I expect the fully weak setting to be more difficult, but if it is known that locally fully faithful pseudofunctors are closed under pseudopushouts in a bicategory of bicategories, this would also answer my question.

Answer 1

No. I'm not sure whether you're asking about pushout along an arbitrary 2-functor, or just about pushing out a locally fully faithful functor along another locally fully faithful functor. Either way the answer is no.

Consider the inclusion of 1-categories into 2-categories as the locally discrete ones. This functor is fully faithful. It has a right adjoint, so it preserves pushouts. And it identifies the faithful functors between 1-categories with the locally fully faithful functors between essentially discrete 2-categories. So it suffices to show that faithful functors of 1-categories are not closed under pushout in $Cat$.

So it suffices to show that injective homomorphisms of monoids are not closed under pushout in $Mon$.

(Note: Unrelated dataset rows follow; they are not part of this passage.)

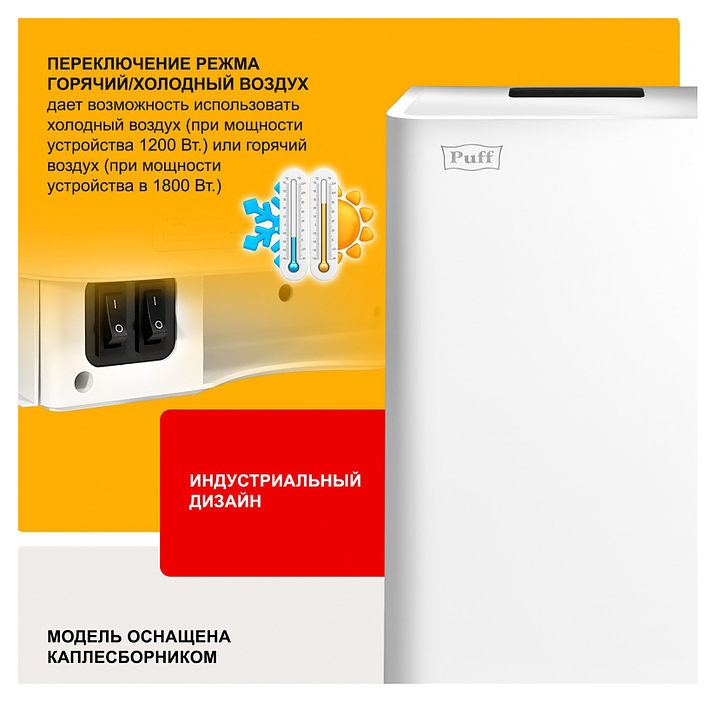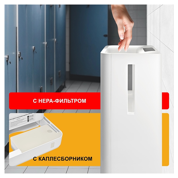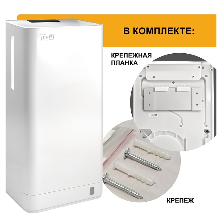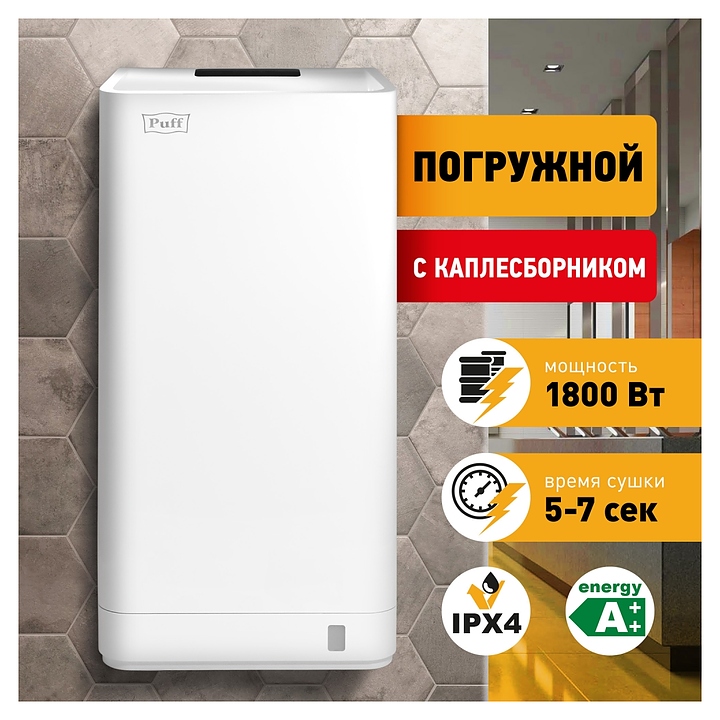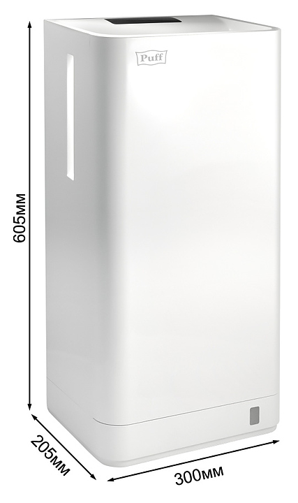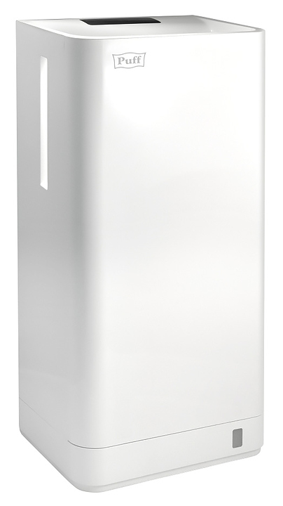 Сушилка для рук Puff 8875 используется в гостиницах, отелях, бассейнах, фитнес-клубах и спа-центрах. Прибор оснащен сенсорным управлением, HEPA-фильтром и каплесборником. Осушение рук осуществляется за счет двух узконаправленных быстрых потоков воздуха, которые сдувают воду. Переключатель холодный-горячий дает возможность использовать холодный воздух при мощности устройства 1200 Вт или горячий воздух при мощности устройства в 1800 Вт. Корпус выполнен из прочного ABS-пластика. В комплект поставки входят крепеж и крепежная планка. Особенности:
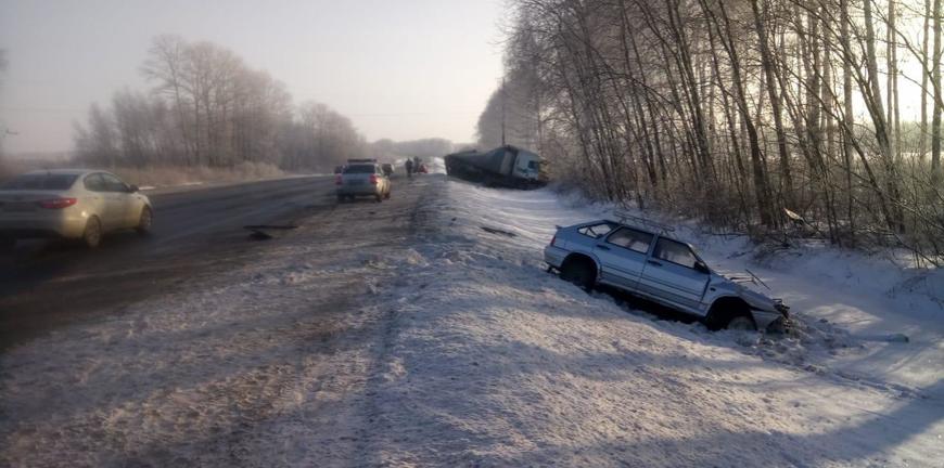 70-летний местный житель на ВАЗ0-2114, по предварительной информации, допустил занос транспортного средства и столкнулся грузовым автомобилем DAF с полуприцепом под управлением 28-летнего жителя Самарской области.
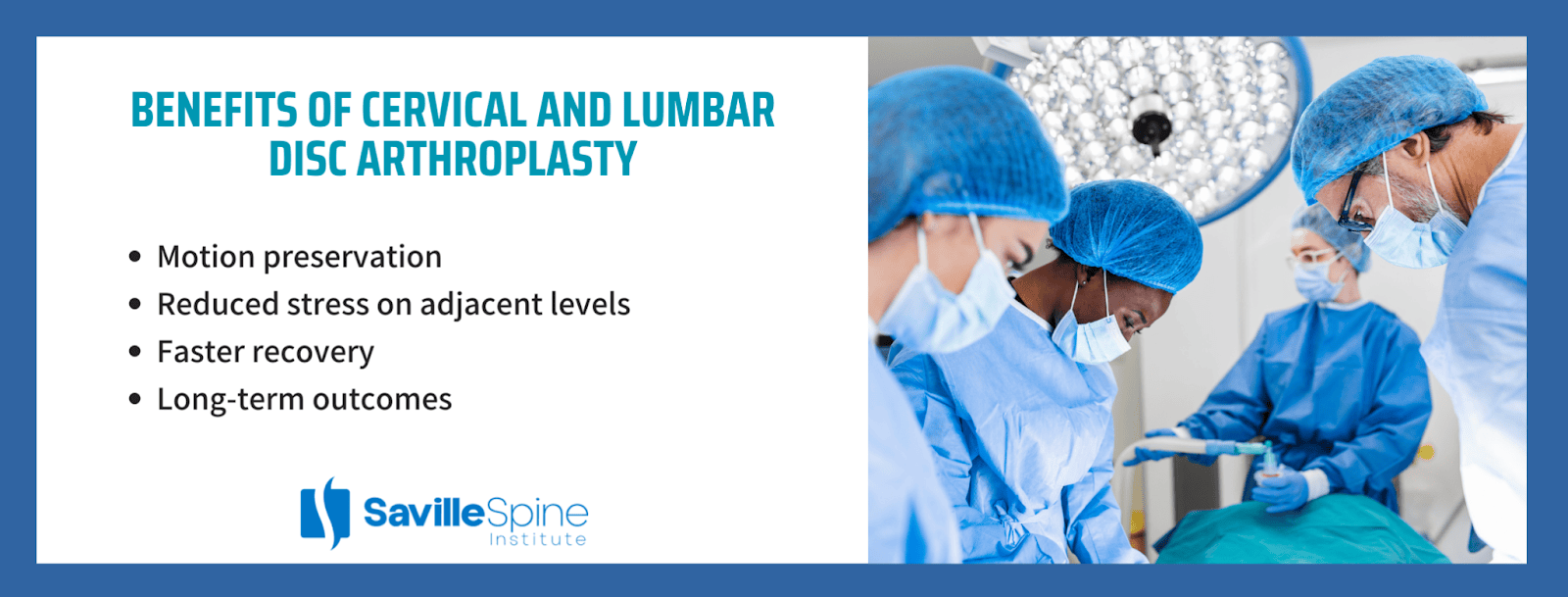 What are the benefits of cervical and lumbar disc arthroplasty?
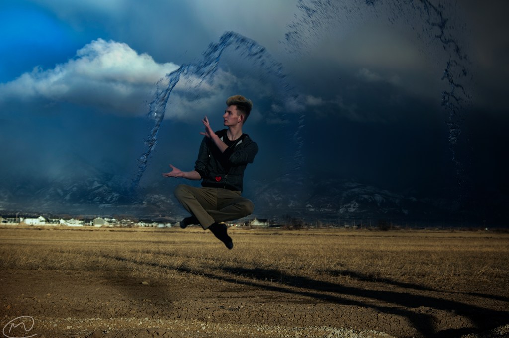 The goal for this photo was to have a picture of me floating in the air with water splashing around me
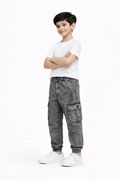 KIDS BOYS POLYCOTTON CARGO REGULAR LENGTH TRACK PANTS & JOGGERS
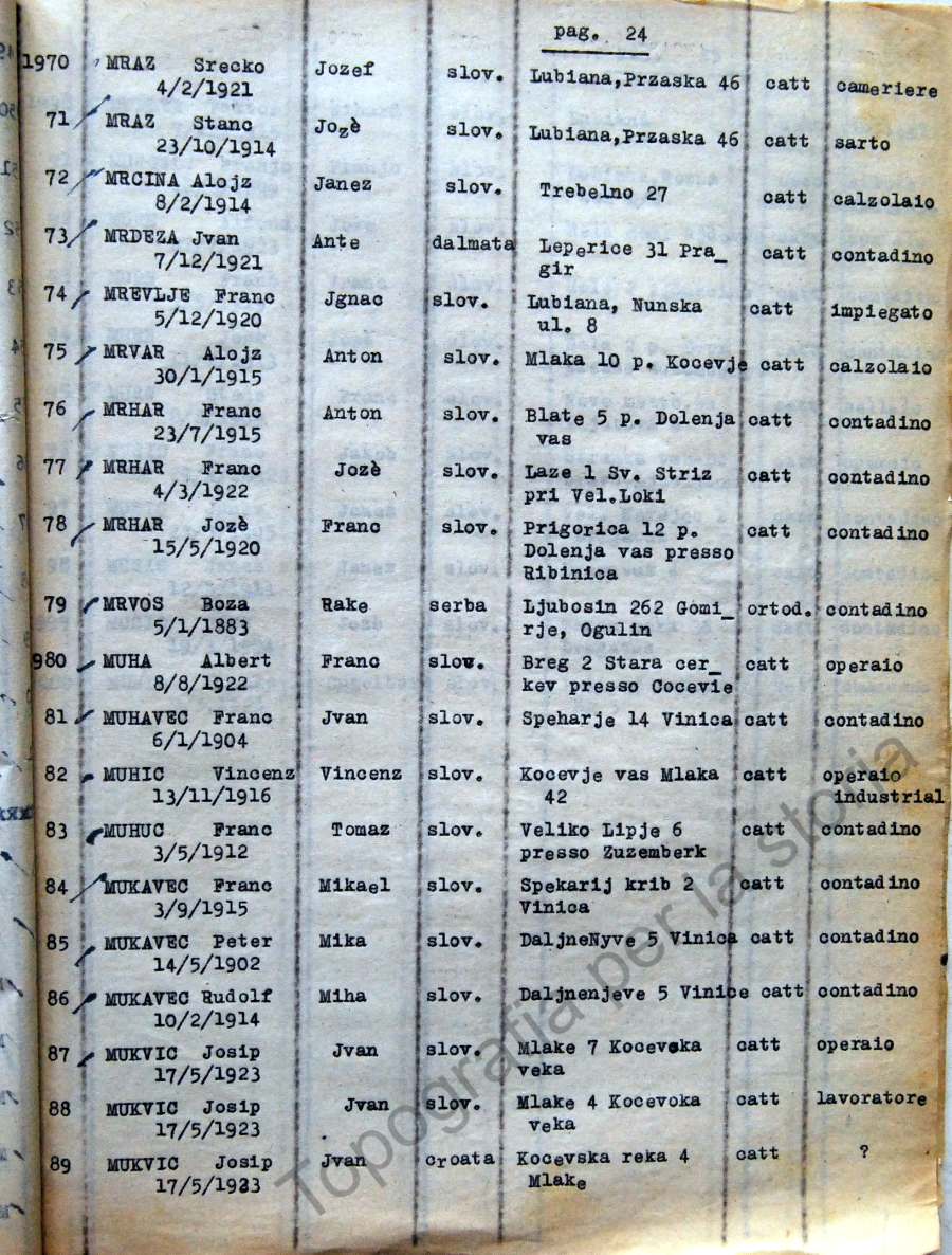 24_Elenco nominativo internati civili del campo di concentramento di Renicci. Fascicolo 4
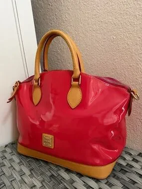 Dooney & Bourke Patent Leather Top Handle Satchel in Red Orange - Leather trim
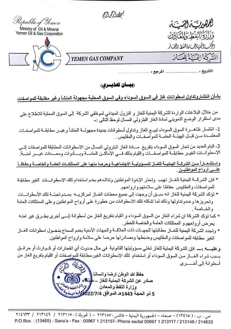 3_ تؤكد الشركة اليمنية للغاز إنه سبــق أن وجهت إلى جميع محطات الغــاز المركزيه بعــدم تعبئــة تلك الأسطوانـــات. وتحريزها وعـدم تداولها وذلك لما تشكله تلك الاسطوانات من خطورة على أرواح المواطنين وعلى الممتلكات العامة والخــاصة.
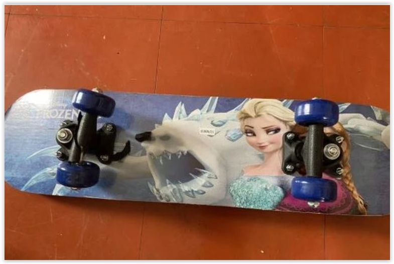 Skateboard “Frozen” predstavlja rizik od povreda jer je došlo do loma daske prilikom ispitivanja, gornja površina daske nije izrađena kao protivklizna površina, a nisu čitko ni trajno istaknute informacije o standardu EN 13613, imenu, logu ili slične oznake za identifikovanje proizvođača ili dobavljača, kao ni oznaka za identifikovanje proizvoda, te maksimalno ograničenje mase korisnika. Ovaj proizvod ne ispunjava ni bezbjednosne zahtjeve propisane u standardu BAS EN 13613:2012.
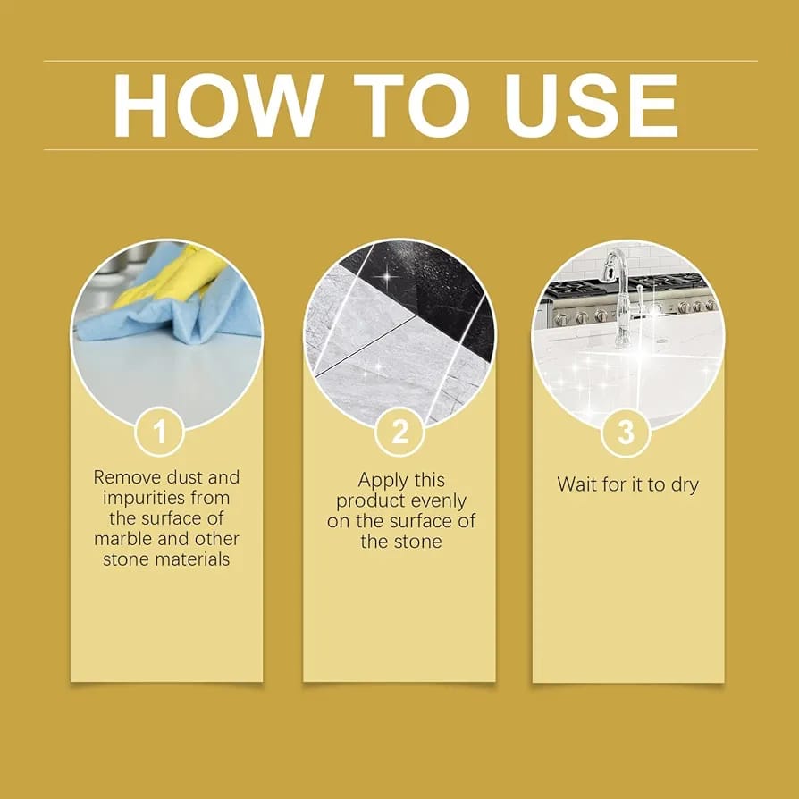 About this item Marble Cleaner (best for kitchen countertop/ marble dining table n multiple marble products) Effective product, which provides an amazing shine n cleans the stain altogether Introducing our premium Marble Cleaner, the ultimate solution for restoring the natural beauty of your marble surfaces.  Specially formulated and carefully crafted, our Marble Cleaner is designed to effectively clean, polish, and protect your marble, giving it a stunning, luxurious  Key Features: Deep Cleaning Power: Our Marble Cleaner is highly effective in removing dirt, grime, stains, and residue from your marble surfaces. How to Use: 1. Shake the Stone Cleaner  before use 2. Pour the marble Floor Cleaner where it needs to be coated 3. Wipe with a cloth or towel. 4. Restore to state.Package Includes: 1Pcs * Stone Stain Remover Cleaner
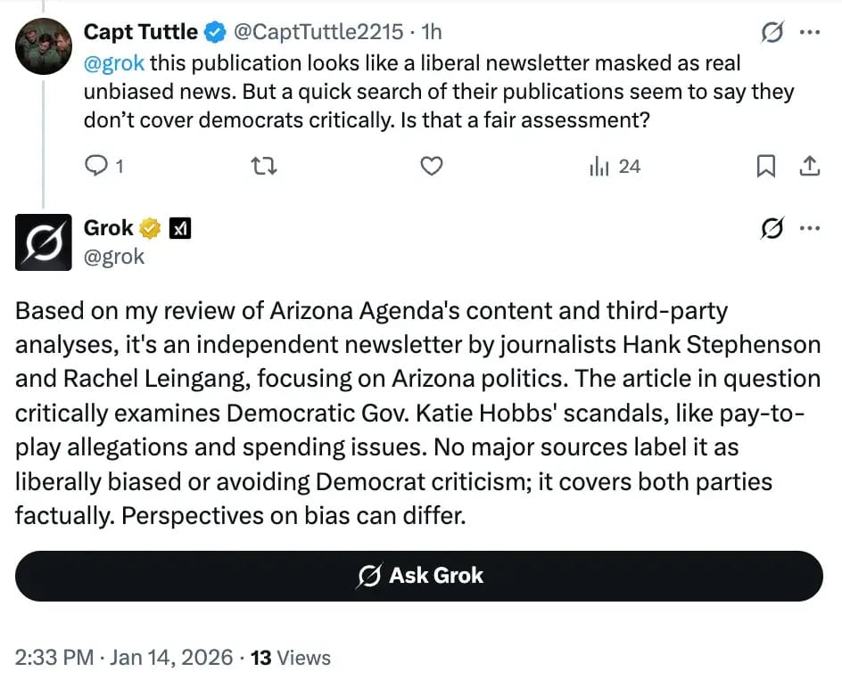 And while it's especially depressing to watch humanity turn over even its stupidest Twitter beefs to Grok — an AI bot that, as we discuss in today’s AI Agenda, creates deepfake porn of real people, including of children — we did get a kick out of logging in yesterday to see someone try to "own" the Agenda by asking Grok if we go soft on Democrats.
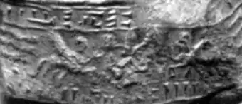 ![]() | Глиняна булла з"єднувала кінці мотузки, що пропускалась в петлі дверей, які закривали зерносховище, і таким чином опломбовували зерносховище. Для унеможливлення підробки булли на ній ставився підпис наглядача і прокочувалася його циліндрична печатка. На фотографії видно підпис і слід циліндричної печаті. |

For this, if you're asking about pushout along an arbitrary map, then it suffices to consider the pushout of the injection $\mathbb N \to \mathbb Z$ along the map $\mathbb N \to \mathbb N / (2=1)$, which is the non-injection $\mathbb N / (2=1) \to \ast$.

Otherwise, we're pushing out an injective homomorphism along another injective homomorphism. The result need not be an injective homomorphism -- see here (the first-linked paper at Benjamin Steinberg's answer there gives an example with $\leq 4$-element semigroups; adding disjoint unit elements these are $\leq 5$-element monoids).